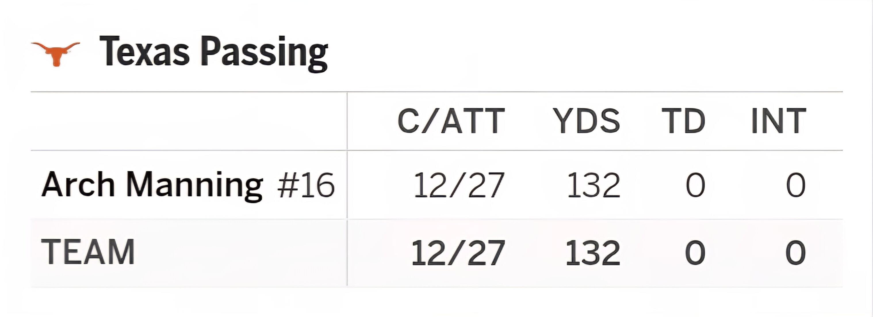 Are there issues with Arch absolutely. Is it delusional to think that changing QBs is gonna fix the shit show of an offensive game plan. Absolutely. Will benching Arch potentially fuck up current and future QB commits? Absolutely. Will it lead to Arch entering the portal to find a OC and HC that know how to actually create an offensive game plan that aligns to his talent? Quite possibly. Will it make Texas look even worse among the talking heads, prospect recruits and others if we bench a Manning for a guy who didn't start at Troy and we continue to flounder due to an inept OC and offensive game plan? 100%
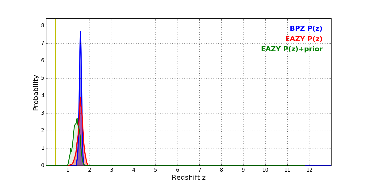 In P(z) plots: Yellow lines mark the cluster redshift z = 0.425,
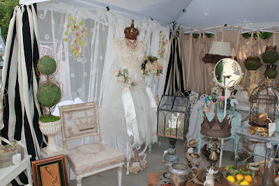 As we are getting to meet and know more and more of you who share our passion for great finds, unique style and the love of decorating - I thought I would give a little peek inside of where my girls and I get to call home for this year- Denise's amazing and eclectic house. For those of you who know her, you already know each room in Denise's home has a theme and she is constantly adding to, changing and recreating her spaces. Most of these photos were actually taken a few years ago, but I still thought you may like to see some of her great ideas for decorating. She hopes to take time in the future to blog about specific designs and techniques, so be sure to look for those blogs. The above photos is of a side courtyard. The gold ball chairs were purchased at an estate sale and she made the black and white stripe cushions. The ivy diamond wall is one of her most successful projects. Measuring the long wall, stretching thin wire into a diamond pattern, and waiting 2 years for the ivy to climb has been a labor of love, but well worth the wait!
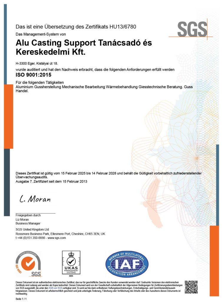 Unsere Firma Alu Casting Support Kft. hat ihre Tätigkeit im Jahr 2011 in Eger aufgenommen, zunächst mit 5 Mitarbeitern. In den letzten 10 Jahren ist unser Umsatz stetig gewachsen und wir beschäftigen derzeit 35 Mitarbeiter. Wir gehören zu den 50 führenden Unternehmen des Kreises Heves.

----

Write out the whole listing verbatim, images excluded.

### Written answer
 Are there issues with Arch absolutely. Is it delusional to think that changing QBs is gonna fix the shit show of an offensive game plan. Absolutely. Will benching Arch potentially fuck up current and future QB commits? Absolutely. Will it lead to Arch entering the portal to find a OC and HC that know how to actually create an offensive game plan that aligns to his talent? Quite possibly. Will it make Texas look even worse among the talking heads, prospect recruits and others if we bench a Manning for a guy who didn't start at Troy and we continue to flounder due to an inept OC and offensive game plan? 100%
 In P(z) plots: Yellow lines mark the cluster redshift z = 0.425,
 As we are getting to meet and know more and more of you who share our passion for great finds, unique style and the love of decorating - I thought I would give a little peek inside of where my girls and I get to call home for this year- Denise's amazing and eclectic house. For those of you who know her, you already know each room in Denise's home has a theme and she is constantly adding to, changing and recreating her spaces. Most of these photos were actually taken a few years ago, but I still thought you may like to see some of her great ideas for decorating. She hopes to take time in the future to blog about specific designs and techniques, so be sure to look for those blogs. The above photos is of a side courtyard. The gold ball chairs were purchased at an estate sale and she made the black and white stripe cushions. The ivy diamond wall is one of her most successful projects. Measuring the long wall, stretching thin wire into a diamond pattern, and waiting 2 years for the ivy to climb has been a labor of love, but well worth the wait!
 Unsere Firma Alu Casting Support Kft. hat ihre Tätigkeit im Jahr 2011 in Eger aufgenommen, zunächst mit 5 Mitarbeitern. In den letzten 10 Jahren ist unser Umsatz stetig gewachsen und wir beschäftigen derzeit 35 Mitarbeiter. Wir gehören zu den 50 führenden Unternehmen des Kreises Heves.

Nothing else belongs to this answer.